Our dream client in the healthcare sector has the ability to make decisions and take responsibility for the outcomes, writing ambitious briefs and looking into the future. In the commercial sector this kind of power inherently belong to the client, but within the NHS we find this is often not the case: our clients are supportive and invested, but also restrained by access to funds and lack of critical support from hospital estate departments. No matter how strong and visionary the brief or how informed the client team are, if there is no open dialogue and cohesion within the wider hospital departments it is difficult to make progress.
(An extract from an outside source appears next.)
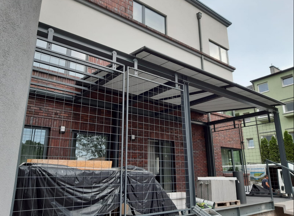- Montaż: nad konstrukcją istniejącego zadaszenia/pergoli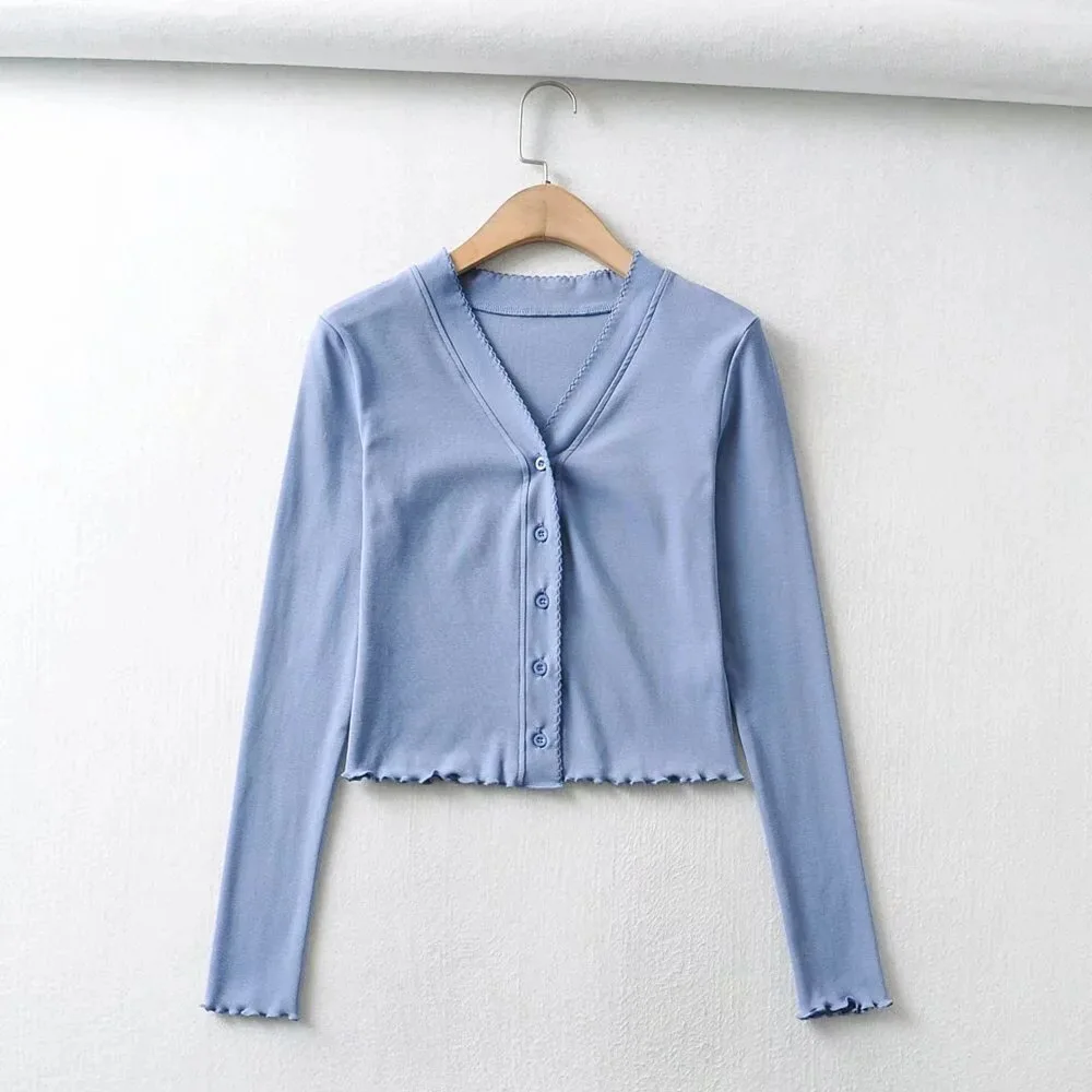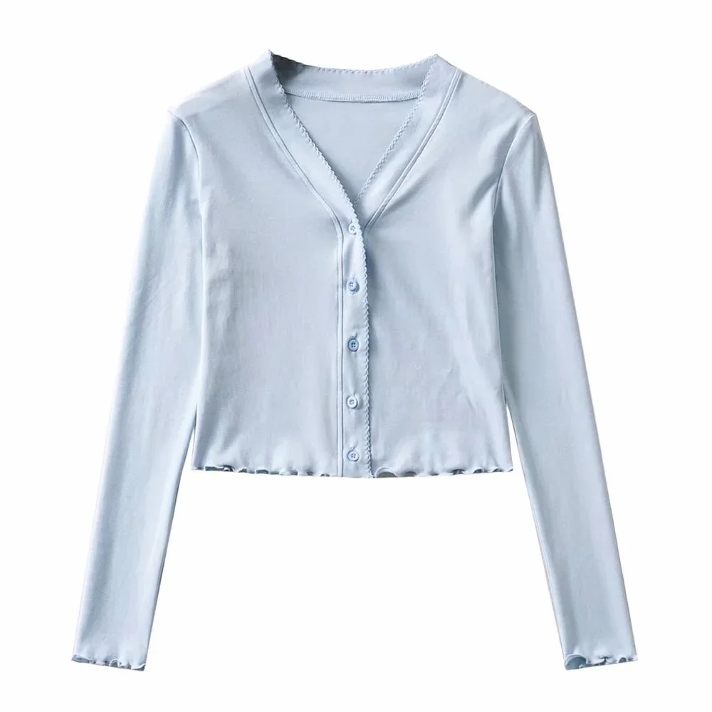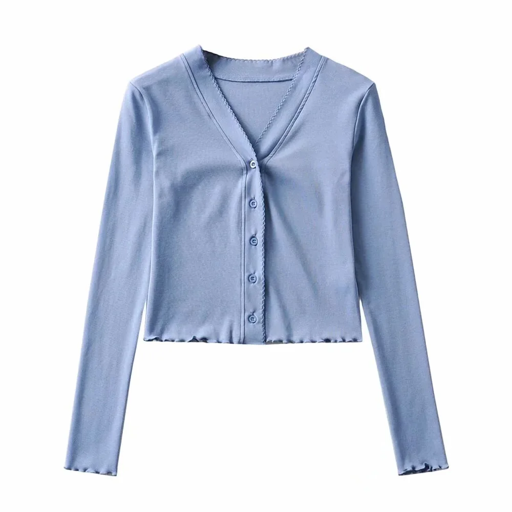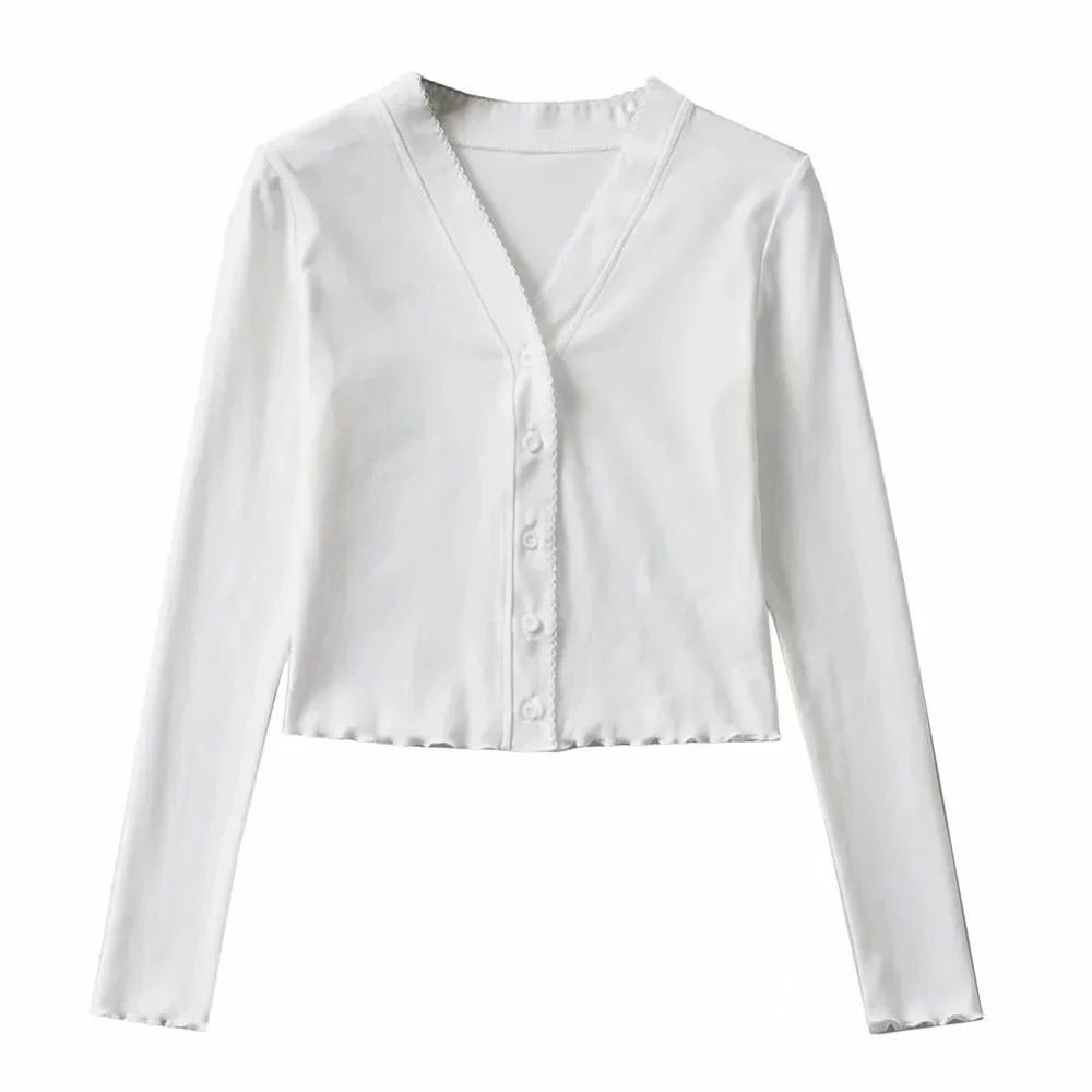 Purpdrank 70's Vintage V neck Wood ears Rib Long Sleeve Tee Base T-shirts Cool Girl Single-breasted Button Short Tee crop top

“We imagine a health facility of the future that responds to the evolving needs of its patients, doctors and nurses, a collection of spaces that are flexible, able to move, respond, expand and contract, changing shape to fit form to function no matter how demand shifts”
Progress is perhaps the biggest challenge the hospital, in its current form, faces. It has been said that the minute a hospital finishes being built it is already out of date. There is some truth in the idea that while they are contained within rigid, immovable structures, hospitals will always struggle to keep pace with the changing needs of their staff and patients, and with an ever-evolving technology.
We imagine a hospital of the future that responds to the evolving needs of its patients, doctors and nurses, a collection of spaces that are flexible, able to move, respond, expand and contract, changing shape to fit form to function no matter how demand shifts, and it is our belief that design plays a critical part in realising such a vision.
ARD would leap at the chance to take the above thinking and learning and use it to challenge the primary care centre, applying it to unlocking its complex practical and operational requirements. As the widest-reaching portal into the healthcare system, it would make a fascinating site for design, an opportunity to create a connected, inclusive community hub, a welcoming and humanist anchor that nurtures the sick, comforts the elderly, stimulates children and supports staff.
Increasingly primary care centres will function as the centre of a network of connected satellites – pharmacies, tele-health, vaccination clinics – services that are not just for the sick but that support all of us in our daily lives, and design is central to achieving a family of spaces that can enable this multi-layered operation while feeling truly embedded in their local neighbourhood.